### EXERCISE BRIEF
Could you return every record below exactly as it stands, leaving out the pictures?

○ ○ ○ ○ ○ ○ ○

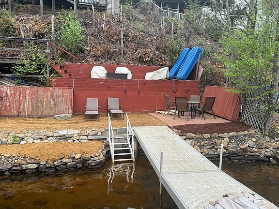 Plan your summer on Hamilton Reservior. Enjoy this year-round cottage with a private sandy beach and dock. This waterfront opportunity with stunning lake views and tremendous potential won't last. The interior features an open-concept layout with living room with fireplace with access to an exterior deck, a spacious kitchen, and a dining area perfect. The lower level offers two bedrooms, each with direct access to private decks overlooking the lake and a laundry room. All furnishings to remain, personal items will be removed prior to closing. This property will not qualify for conventional financing. An excellent chance for a builder, contractor, or handy buyer to purchase at a great price and gain sweat equity. Being sold "as is". Repairs necessary: Septic system. . Original stairs to water need repair/ replacement. Deck supports need to be reinforced FYI:sold "as is." Title V is Buyer's responsibility. Buyer / buyer's agent should compl for due diligence.
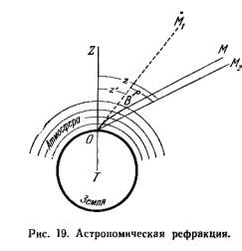 Видимое положение светила над горизонтом, строго говоря, отличается от вычисленного по формуле. Дело в том, что лучи света от небесного тела, прежде чем попасть в глаз наблюдателя, проходят сквозь атмосферу Земли и преломляются в ней, а так как плотность атмосферы увеличивается к поверхности Земли, то луч света (см. рис. ниже) все более и более отклоняется в одну и ту же сторону по кривой линии, так что направление ОМ1 , по которому наблюдатель О видит светило, оказывается отклоненным в сторону зенита и не совпадающим с направлением ОМ2 (параллельным ВМ), по которому он видел бы светило при отсутствии атмосферы.
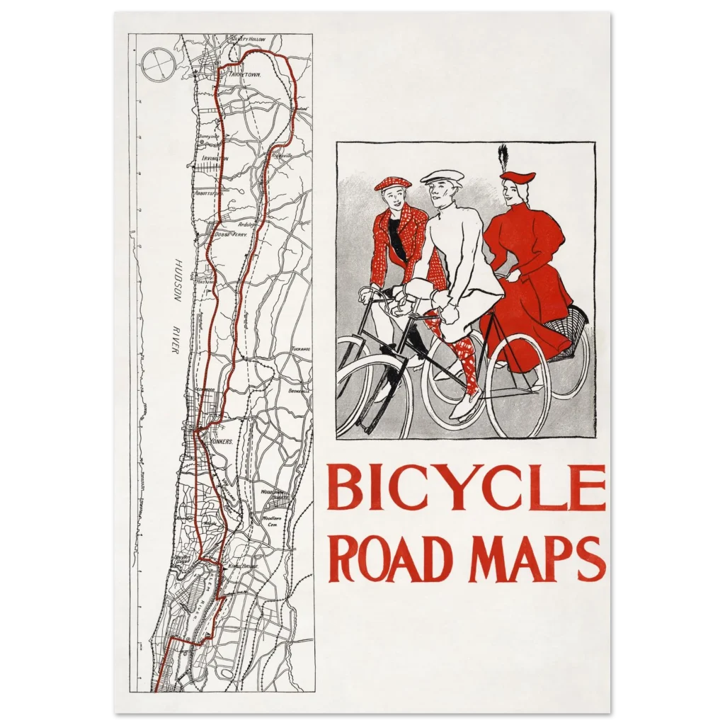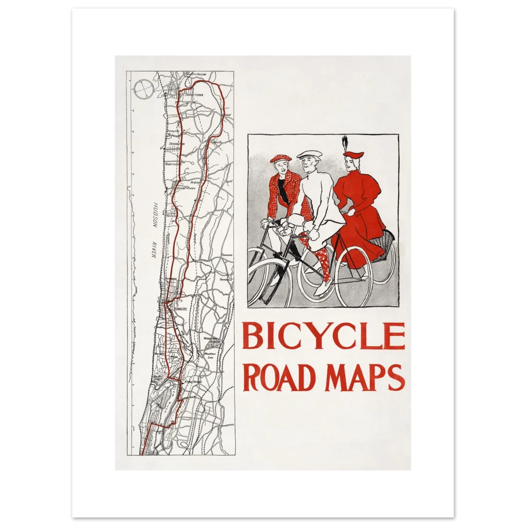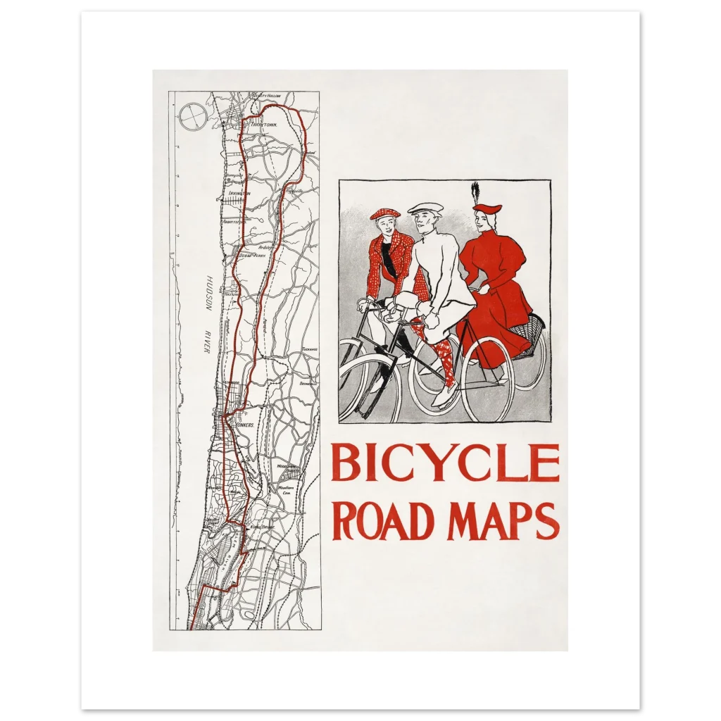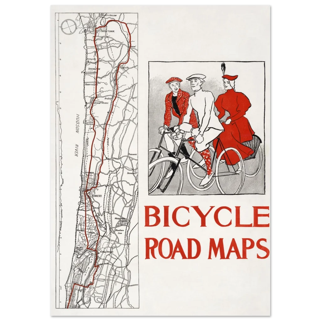 Embark on a nostalgic journey with our ‘Bicycle Road Maps’ poster, capturing the spirit of turn-of-the-century cycling adventures along the historic Hudson River. This charming print, featuring stylish cyclists in vibrant red attire and a detailed route map, brings a touch of classic exploration and timeless elegance to any space.
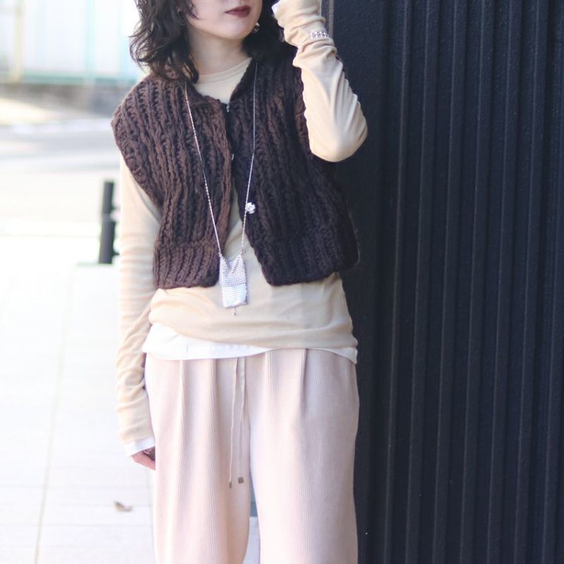 イタリア糸を使用し、一つ一つ丁寧に手編みされたニットベスト。
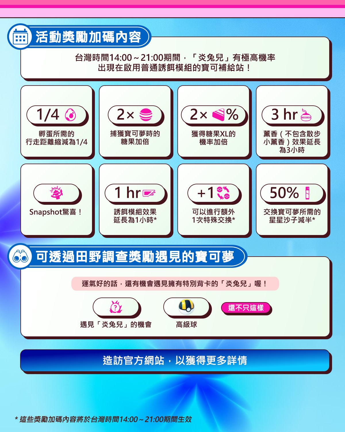 大部分獎勵僅限活動期間的3小時內生效,這些獎勵則會於台灣時間14:00~21:00期間生效。
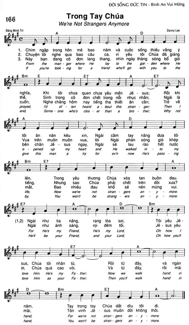 1. Chìm ngập trong hôn mê bao năm và cuộc sống thiếu vắng ý nghĩa, Khi tôi chưa quen chưa yêu mến Jê-sus; Rồi khi tôi ăn năn kêu xin, Ngài căm tay nâng đưa tôi lên, Trong yêu thương Chúa xóa tan buồn đau. Ngài như tia nắng, rạng lòa soi, Tôi yêu Jê-sus, Chúa tôi nhân từ, Rồi từ đây, và ngàn năm, Tay trong tay Chúa dắt dìu tôi đi. 2. Chuyện tôi nghe qua bao câu ca, vì yêu tôi Chúa đã giáng thế, Sinh trong cô đơn chết trong nỗi nhục nhằn; Ngài là Vua trên muôn muôn vua, lời Ngài phán sóng gió khép tiếng, Nhưng sao Chúa phải chết trên đồi xưa? Ngài như ánh sáng, roi đêm tối, Jê-sus yêu ơi, Chúa quá cao vời. Và từ đây, rồi mãi mãi, Tôn vinh Jê-sus muôn đời không thôi. 3. Này bạn đang cô đơn lang thang, nhìn ngày tháng sóng bồ gió cuốn, Nghe chăng hôm nay tiếng tha thiết ân cần; Trở về bên chân Jê-sus ngay, Ngài sẽ lau ráo hết nước mắt, Bao nhiêu đau khổ sẽ nên mừng vui. Ngài như tia nắng, rạng lòa soi, Tôi yêu Jê-sus, Chúa tôi nhân từ, Rồi từ đây, và ngàn năm, Tay trong tay Chúa dắt dìu tôi đi.
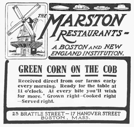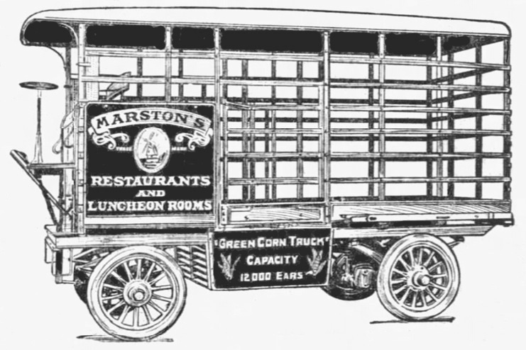 Popular menu items at Marston’s restaurants included corned beef hash and green corn, i.e., corn picked early. Shirley Marston, grandson of Russell, opened a cafeteria in 1926 which featured green corn in season. He emphasized in a 1926 interview that his cafeteria was the only place he knew of where “corn picked before sunrise is served the same day.” [Shown above: 1911 ad; Below: 1906 wagon that brought the green corn from the Marston farm]
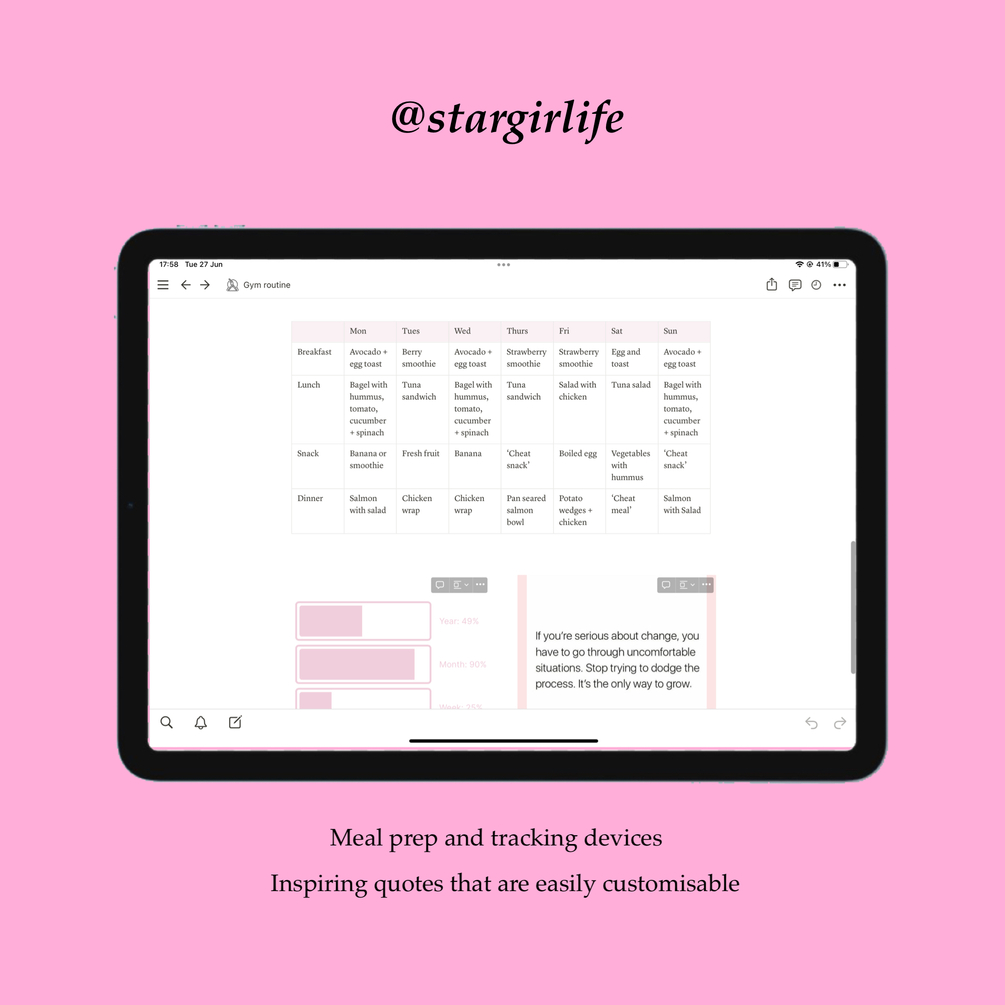 Want to make your Gym workout THAT MUCH easier. This aesthetic and customisable notion template will help you, not only keep track of your different workouts, but also includes my own personal meal plan for any beginners along with my routine.
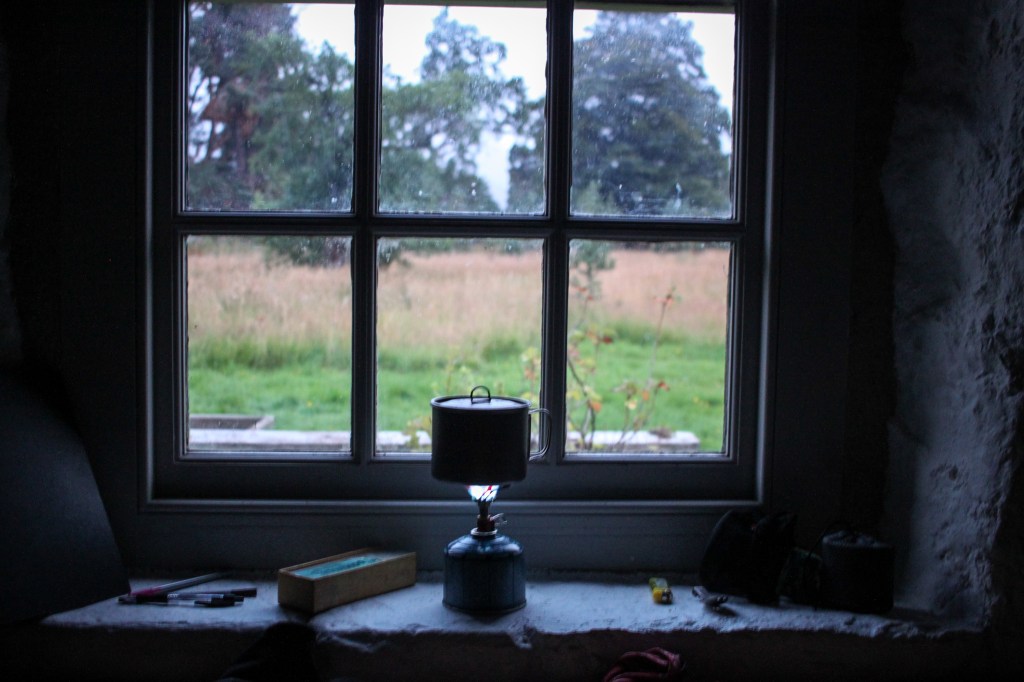It was a blessing to be reach somewhere dry just as light was fading. It had been an incredibly wet day. And what a bothy it was! By far the ‘poshest’ I’ve ever seen in Scotland. It even had a toilet block built in a separate building. I lit some candles and settled in for the night.

○ ○ ○ ○ ○ ○ ○

### RESULT OF THE TASK
 Plan your summer on Hamilton Reservior. Enjoy this year-round cottage with a private sandy beach and dock. This waterfront opportunity with stunning lake views and tremendous potential won't last. The interior features an open-concept layout with living room with fireplace with access to an exterior deck, a spacious kitchen, and a dining area perfect. The lower level offers two bedrooms, each with direct access to private decks overlooking the lake and a laundry room. All furnishings to remain, personal items will be removed prior to closing. This property will not qualify for conventional financing. An excellent chance for a builder, contractor, or handy buyer to purchase at a great price and gain sweat equity. Being sold "as is". Repairs necessary: Septic system. . Original stairs to water need repair/ replacement. Deck supports need to be reinforced FYI:sold "as is." Title V is Buyer's responsibility. Buyer / buyer's agent should compl for due diligence.
 Видимое положение светила над горизонтом, строго говоря, отличается от вычисленного по формуле. Дело в том, что лучи света от небесного тела, прежде чем попасть в глаз наблюдателя, проходят сквозь атмосферу Земли и преломляются в ней, а так как плотность атмосферы увеличивается к поверхности Земли, то луч света (см. рис. ниже) все более и более отклоняется в одну и ту же сторону по кривой линии, так что направление ОМ1 , по которому наблюдатель О видит светило, оказывается отклоненным в сторону зенита и не совпадающим с направлением ОМ2 (параллельным ВМ), по которому он видел бы светило при отсутствии атмосферы.
 Embark on a nostalgic journey with our ‘Bicycle Road Maps’ poster, capturing the spirit of turn-of-the-century cycling adventures along the historic Hudson River. This charming print, featuring stylish cyclists in vibrant red attire and a detailed route map, brings a touch of classic exploration and timeless elegance to any space.
 イタリア糸を使用し、一つ一つ丁寧に手編みされたニットベスト。
 大部分獎勵僅限活動期間的3小時內生效,這些獎勵則會於台灣時間14:00~21:00期間生效。
 1. Chìm ngập trong hôn mê bao năm và cuộc sống thiếu vắng ý nghĩa, Khi tôi chưa quen chưa yêu mến Jê-sus; Rồi khi tôi ăn năn kêu xin, Ngài căm tay nâng đưa tôi lên, Trong yêu thương Chúa xóa tan buồn đau. Ngài như tia nắng, rạng lòa soi, Tôi yêu Jê-sus, Chúa tôi nhân từ, Rồi từ đây, và ngàn năm, Tay trong tay Chúa dắt dìu tôi đi. 2. Chuyện tôi nghe qua bao câu ca, vì yêu tôi Chúa đã giáng thế, Sinh trong cô đơn chết trong nỗi nhục nhằn; Ngài là Vua trên muôn muôn vua, lời Ngài phán sóng gió khép tiếng, Nhưng sao Chúa phải chết trên đồi xưa? Ngài như ánh sáng, roi đêm tối, Jê-sus yêu ơi, Chúa quá cao vời. Và từ đây, rồi mãi mãi, Tôn vinh Jê-sus muôn đời không thôi. 3. Này bạn đang cô đơn lang thang, nhìn ngày tháng sóng bồ gió cuốn, Nghe chăng hôm nay tiếng tha thiết ân cần; Trở về bên chân Jê-sus ngay, Ngài sẽ lau ráo hết nước mắt, Bao nhiêu đau khổ sẽ nên mừng vui. Ngài như tia nắng, rạng lòa soi, Tôi yêu Jê-sus, Chúa tôi nhân từ, Rồi từ đây, và ngàn năm, Tay trong tay Chúa dắt dìu tôi đi.
 Popular menu items at Marston’s restaurants included corned beef hash and green corn, i.e., corn picked early. Shirley Marston, grandson of Russell, opened a cafeteria in 1926 which featured green corn in season. He emphasized in a 1926 interview that his cafeteria was the only place he knew of where “corn picked before sunrise is served the same day.” [Shown above: 1911 ad; Below: 1906 wagon that brought the green corn from the Marston farm]
 Want to make your Gym workout THAT MUCH easier. This aesthetic and customisable notion template will help you, not only keep track of your different workouts, but also includes my own personal meal plan for any beginners along with my routine.
It was a blessing to be reach somewhere dry just as light was fading. It had been an incredibly wet day. And what a bothy it was! By far the ‘poshest’ I’ve ever seen in Scotland. It even had a toilet block built in a separate building. I lit some candles and settled in for the night.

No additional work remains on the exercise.